*** Opening of Dataset section ***
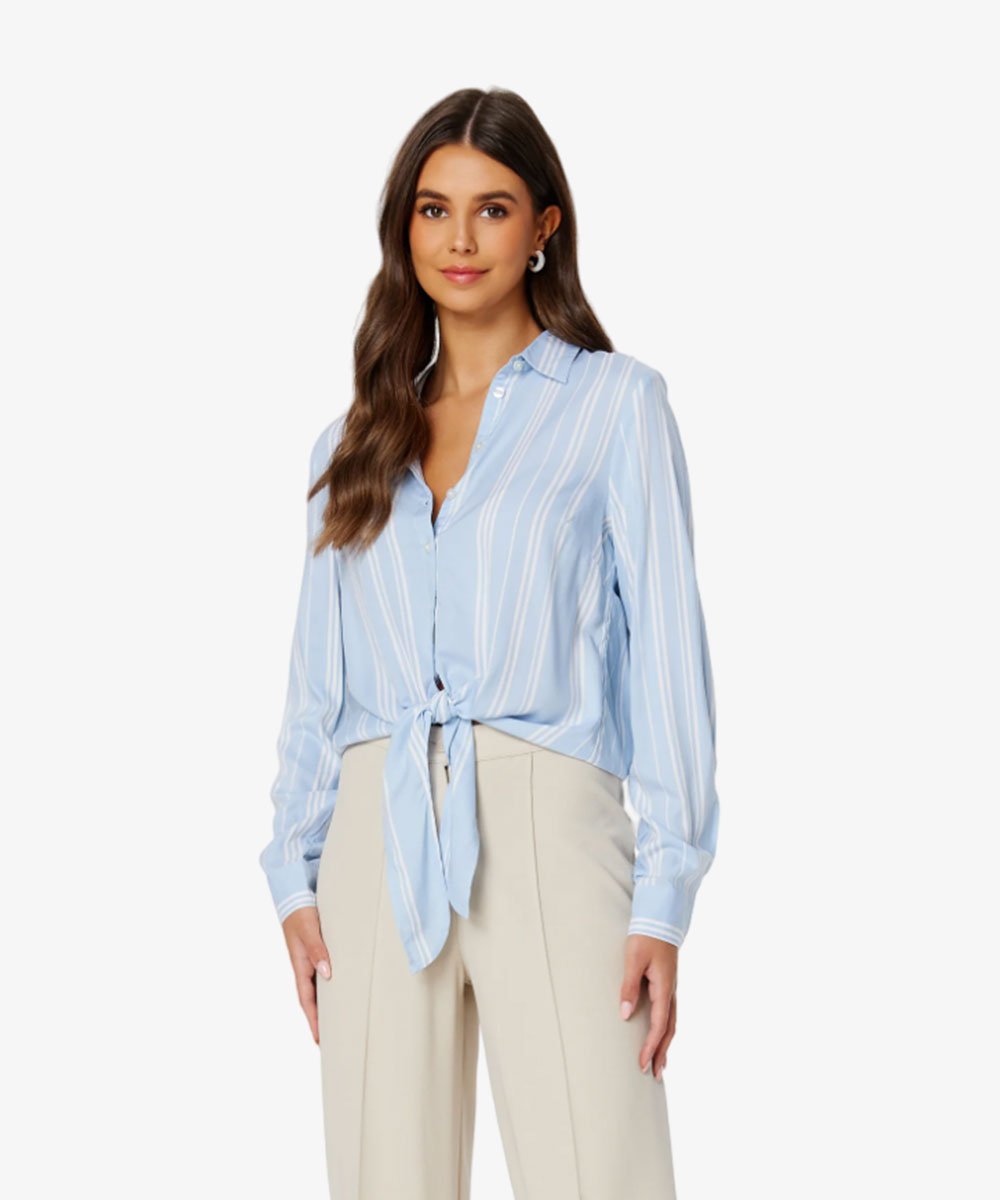 Women Blue & White Relaxed Striped Casual Shirt Tie-up
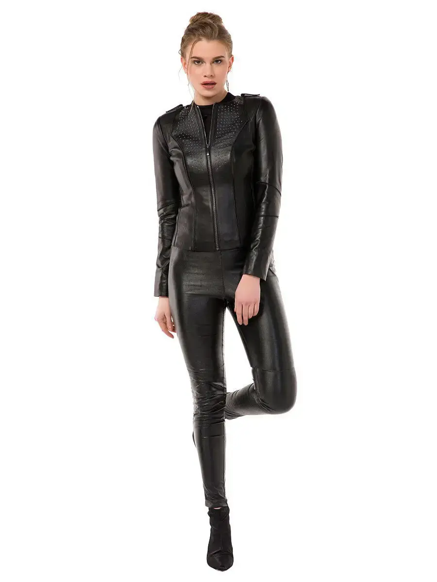 Женская куртка из натуральной кожи ягненка на эластичной основе.
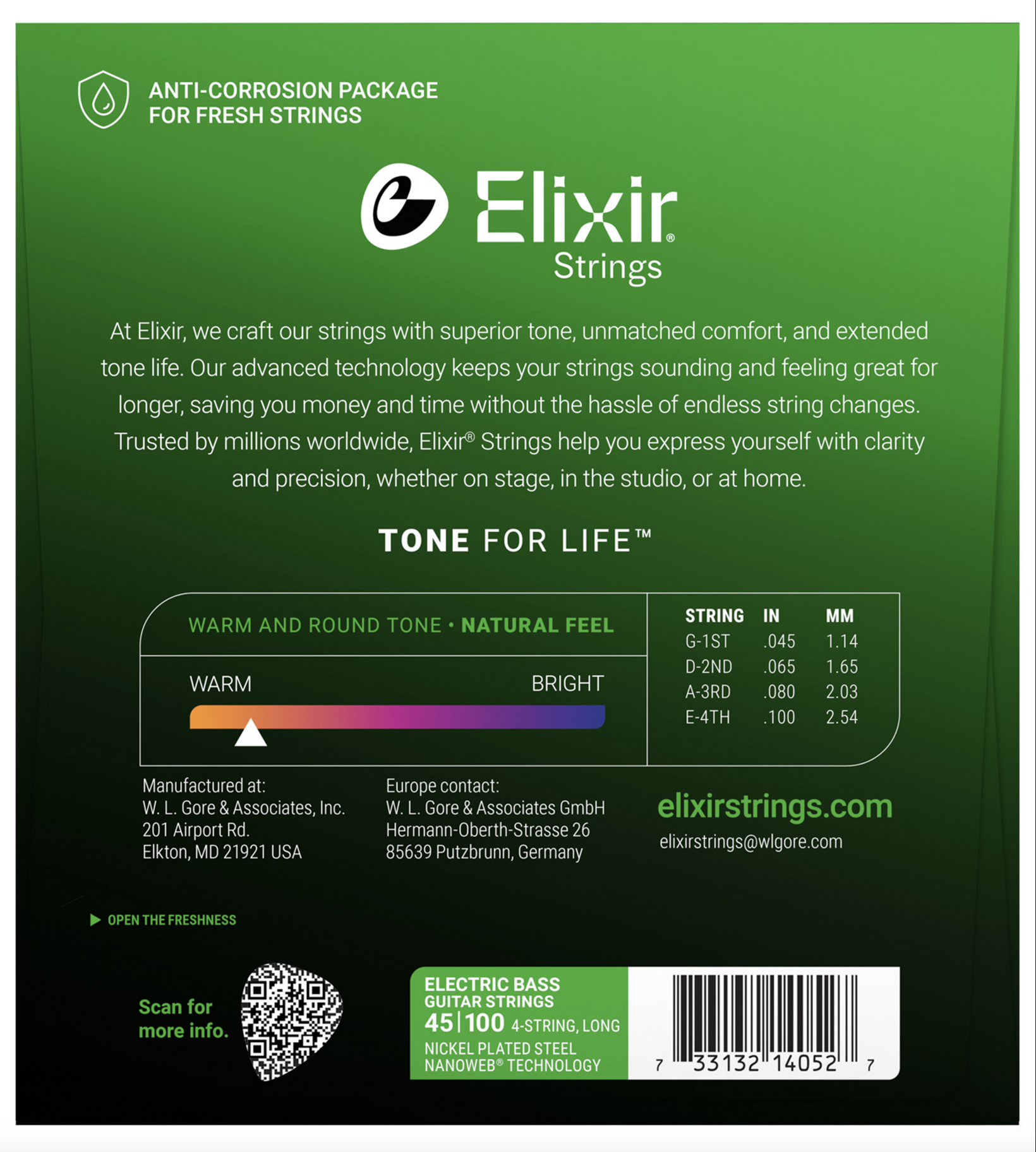 LIGHT 45-100 ELECTRIC BASS STRINGS WITH ELIXIR® TECHNOLOGY FOR LONGEST-LASTING TONE
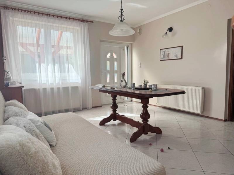 SZIGETÚJFALUBAN, A BUSZMEGÁLLÓ SZOMSZÉDSÁGÁBAN, ÖSSZKOMFORTOS CSALÁDI HÁZ, EMELETI STÚDIÓLAKÁSSAL, TERASSZAL, GARÁZZSAL, PINCÉVEL, ÖSSZKÖZMŰVES, PARKOSÍTOTT TELEKKEL ELADÓ!Szigetújfaluban, szép, konszolidált utcában, kitűnő közlekedési lehetőségek mellett, eladóvá vált, egy összkomfortos nettó 87 m2 lakóterületű családi ház, 32m2 külön bejáratú emeleti stúdiólakással, 25m2 garázzsal, 9m2 pincével, több gépkocsi beállási lehetőséggel, 460 m2 összközműves, gondozott telekkel.Az épület 10cm külső hőszigeteléssel ellátott, téglafalazatú, betonfödémes, cserépfedésű, nyeregtetős családi ház.Külső nyílászárói hőszigetelt műanyag szerkezetű ablakok és bejárati ajtó. Az ablakok alumínium redőnnyel szúnyoghálóval felszereltek. Az emeleti stúdiólakás 3 db elektromos redőnnyel felszerelt.A beltéri ajtók faszerkezetűek.A garázs elektromos redőny zárású.A lakóház fűtése gázkazánról vezérelt központi fűtés, lapradiátoros hőleadókkal, a nappaliban hűtő-fűtő klíma kiegészítéssel. Meleg-víz ellátását egy 120 literes villanybojler szolgáltatja.A külön bejáratú garzon fűtése ugyanerről a központi fűtésről biztosított, hűtése klímával történik.Helyiségek:nappali 21,63m2, szoba 21,84m2, szoba 13,14m2, konyha 3,47m2, fürdőszoba 4,09m2, wc 1,09m2, közlekedő 2,1m2, közlekedő 1,72m2, nyári konyha 16,67m2; fedett terasz 4m2; pince 8,6m2; garázs 25m2;Emeleti stúdiólakás: 32m2; Ez a ház ideális választás lehet azok számára, akik azonnal beköltözhető két generációs otthont keresnek garázzsal.Az utcai kilátás a helyi hangulatot tükrözi, míg a 4 négyzetméteres terasz kellemes pihenőhely lehet a melegebb napokon. A kert, fúrt kúttal, díszfákkal, cserjékkel, zárt kerítéssel, elektromos nagykapuval kiváló lehetőséget nyújt kikapcsolódásra és pihenésre!Az ingatlan közelében, bevásárlási lehetőségek és hivatalok közül szinte minden pár perc távolságban megtalálható.FINANSZÍROZÁS:Nálunk mindent egy helyen intézhet:- hivatalos ingatlanközvetítés;- szakszerű jogi képviselet;- profi hitelügyintézés, 3%-os Otthon Start, CSOK Plusz, falusi CSOK, stb.VÁROM MEGTISZTELŐ HÍVÁSÁT!A részletes adatvédelmi tájékoztató folyamatosan elérhető a www.gdn-ingatlan.hu/adatvedelem oldalon.
*** Close of Dataset section ***
= Exercise description =
Retype the data above exactly. Leave the pictures out.

= Response to the task =
 Women Blue & White Relaxed Striped Casual Shirt Tie-up
 Женская куртка из натуральной кожи ягненка на эластичной основе.
 LIGHT 45-100 ELECTRIC BASS STRINGS WITH ELIXIR® TECHNOLOGY FOR LONGEST-LASTING TONE
 SZIGETÚJFALUBAN, A BUSZMEGÁLLÓ SZOMSZÉDSÁGÁBAN, ÖSSZKOMFORTOS CSALÁDI HÁZ, EMELETI STÚDIÓLAKÁSSAL, TERASSZAL, GARÁZZSAL, PINCÉVEL, ÖSSZKÖZMŰVES, PARKOSÍTOTT TELEKKEL ELADÓ!Szigetújfaluban, szép, konszolidált utcában, kitűnő közlekedési lehetőségek mellett, eladóvá vált, egy összkomfortos nettó 87 m2 lakóterületű családi ház, 32m2 külön bejáratú emeleti stúdiólakással, 25m2 garázzsal, 9m2 pincével, több gépkocsi beállási lehetőséggel, 460 m2 összközműves, gondozott telekkel.Az épület 10cm külső hőszigeteléssel ellátott, téglafalazatú, betonfödémes, cserépfedésű, nyeregtetős családi ház.Külső nyílászárói hőszigetelt műanyag szerkezetű ablakok és bejárati ajtó. Az ablakok alumínium redőnnyel szúnyoghálóval felszereltek. Az emeleti stúdiólakás 3 db elektromos redőnnyel felszerelt.A beltéri ajtók faszerkezetűek.A garázs elektromos redőny zárású.A lakóház fűtése gázkazánról vezérelt központi fűtés, lapradiátoros hőleadókkal, a nappaliban hűtő-fűtő klíma kiegészítéssel. Meleg-víz ellátását egy 120 literes villanybojler szolgáltatja.A külön bejáratú garzon fűtése ugyanerről a központi fűtésről biztosított, hűtése klímával történik.Helyiségek:nappali 21,63m2, szoba 21,84m2, szoba 13,14m2, konyha 3,47m2, fürdőszoba 4,09m2, wc 1,09m2, közlekedő 2,1m2, közlekedő 1,72m2, nyári konyha 16,67m2; fedett terasz 4m2; pince 8,6m2; garázs 25m2;Emeleti stúdiólakás: 32m2; Ez a ház ideális választás lehet azok számára, akik azonnal beköltözhető két generációs otthont keresnek garázzsal.Az utcai kilátás a helyi hangulatot tükrözi, míg a 4 négyzetméteres terasz kellemes pihenőhely lehet a melegebb napokon. A kert, fúrt kúttal, díszfákkal, cserjékkel, zárt kerítéssel, elektromos nagykapuval kiváló lehetőséget nyújt kikapcsolódásra és pihenésre!Az ingatlan közelében, bevásárlási lehetőségek és hivatalok közül szinte minden pár perc távolságban megtalálható.FINANSZÍROZÁS:Nálunk mindent egy helyen intézhet:- hivatalos ingatlanközvetítés;- szakszerű jogi képviselet;- profi hitelügyintézés, 3%-os Otthon Start, CSOK Plusz, falusi CSOK, stb.VÁROM MEGTISZTELŐ HÍVÁSÁT!A részletes adatvédelmi tájékoztató folyamatosan elérhető a www.gdn-ingatlan.hu/adatvedelem oldalon.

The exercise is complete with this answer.